The feds asked the NYPD to detain 179 illegal immigrants in the first four months of the year more than double the total number for all of 2016 — but cops balked in each case, police officials said Monday.
“We have complied with zero federal detainer requests this year,’’ Police Commissioner James O’Neill said during a City Council budget hearing.
“We strongly feel that it is not the role of a municipal police force to enforce federal immigration laws.
“To turn our NYPD officers into de facto US Immigration and Custom Enforcement agents is to undo much of the highly commendable work we have achieved over the years,” O’Neill added.
NYPD Deputy Commissioner Larry Byrne said the feds’ number of detainer requests from January through April 30 under the Trump administration is more than double the 79 that the department received all of last year.

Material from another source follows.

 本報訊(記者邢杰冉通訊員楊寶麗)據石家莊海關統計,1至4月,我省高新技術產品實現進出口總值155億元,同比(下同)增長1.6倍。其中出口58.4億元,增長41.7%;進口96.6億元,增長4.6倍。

Mayor de Blasio has vowed to keep New York a “sanctuary city” for undocumented immigrants, meaning they will not be turned over to the feds for their illegal status if they have not been charged with a serious crime. In other words, the feds have to track down the illegals themselves if they want to try to deport them.

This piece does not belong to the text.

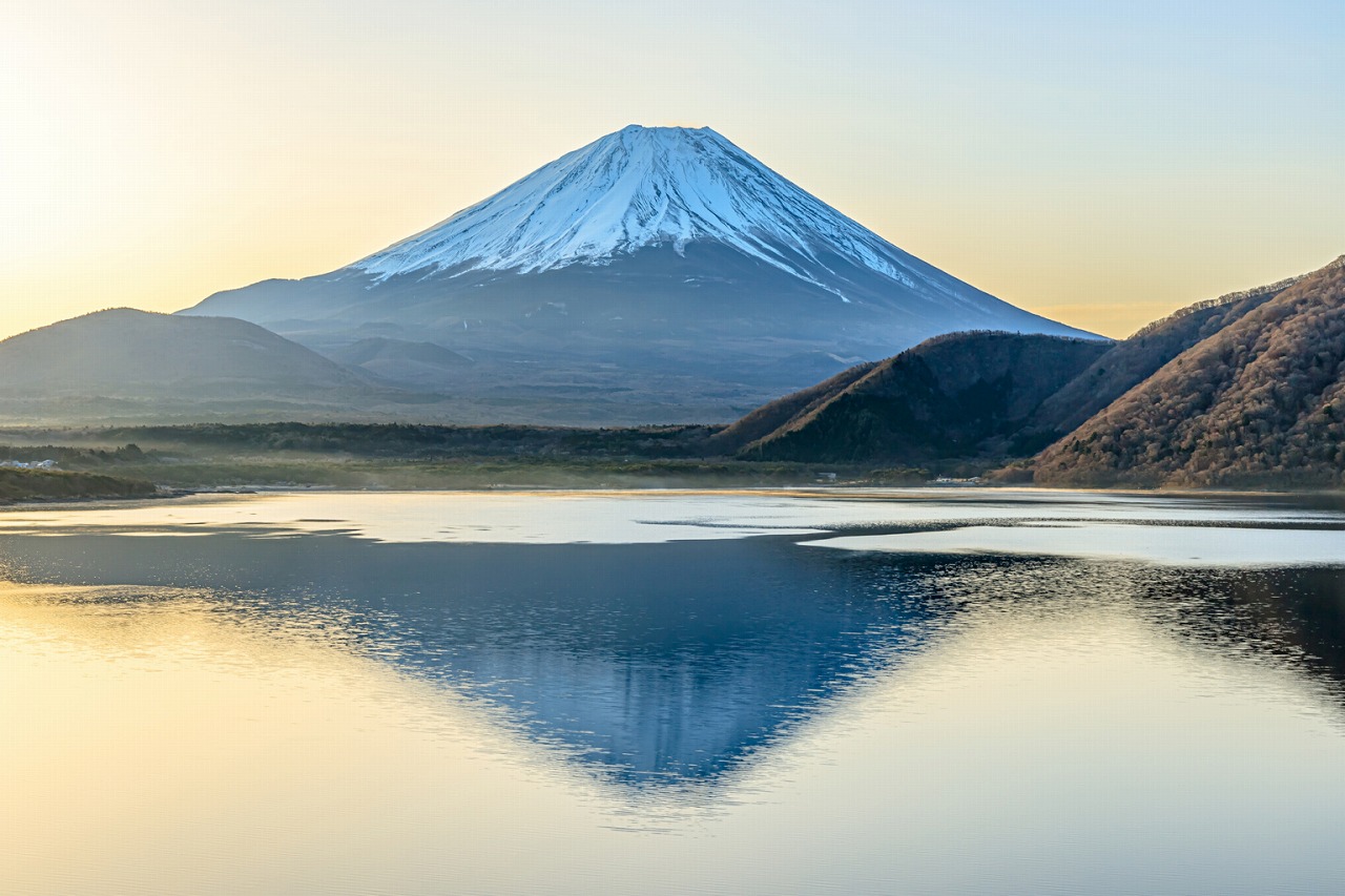 湖面に映る富士山が幻想的に輝き、1日の始まりを彩ります。

President Trump’s has threatened to withhold federal funding from sanctuary cities, but that move has been tied up in court.
US Attorney General Jeff Sessions said yesterday that the order will now “be applied solely to federal grants administered by the Department of Justice or the Department of Homeland Security, and not to other sources of federal funding.”

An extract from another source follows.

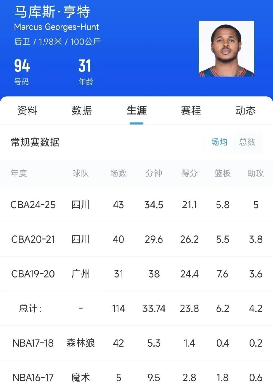 第五外援来了!辽宁男篮或将签下亨特! 辽宁男篮近期战绩不尽如人意,一波四连败后战绩来到了4胜5负,从排名来看已经到了第13名,这也是这几个赛季的最差排名! 据悉,辽宁男篮正在考虑签下上赛季效力于四川的外援亨特! 亨特,身高1.98米,司职后卫,上赛季在四川场均21.1分5.8篮板5助攻的数据。还曾效力于NBA森林狼和魔术,今年才31岁,正值当打之年! 如果能顺利签下,那么布朗大概率要走人!

In late 2014, de Blasio signed into law a City Council bill that severely reduced the city’s cooperation with federal detainer requests. The city will turn over people with felony convictions within the prior five years, and only when the feds have a judicial warrant.
The city continues to cooperate on cases of possible matches with terrorist watch lists.
In the year before the law was passed between Oct. 1, 2013, and Sept. 30, 2014 — the city transferred 2,016 detainees to the feds while not honoring 1,159 requests, according to city data.
The Department of Justice declined to address O’Neill’s remarks.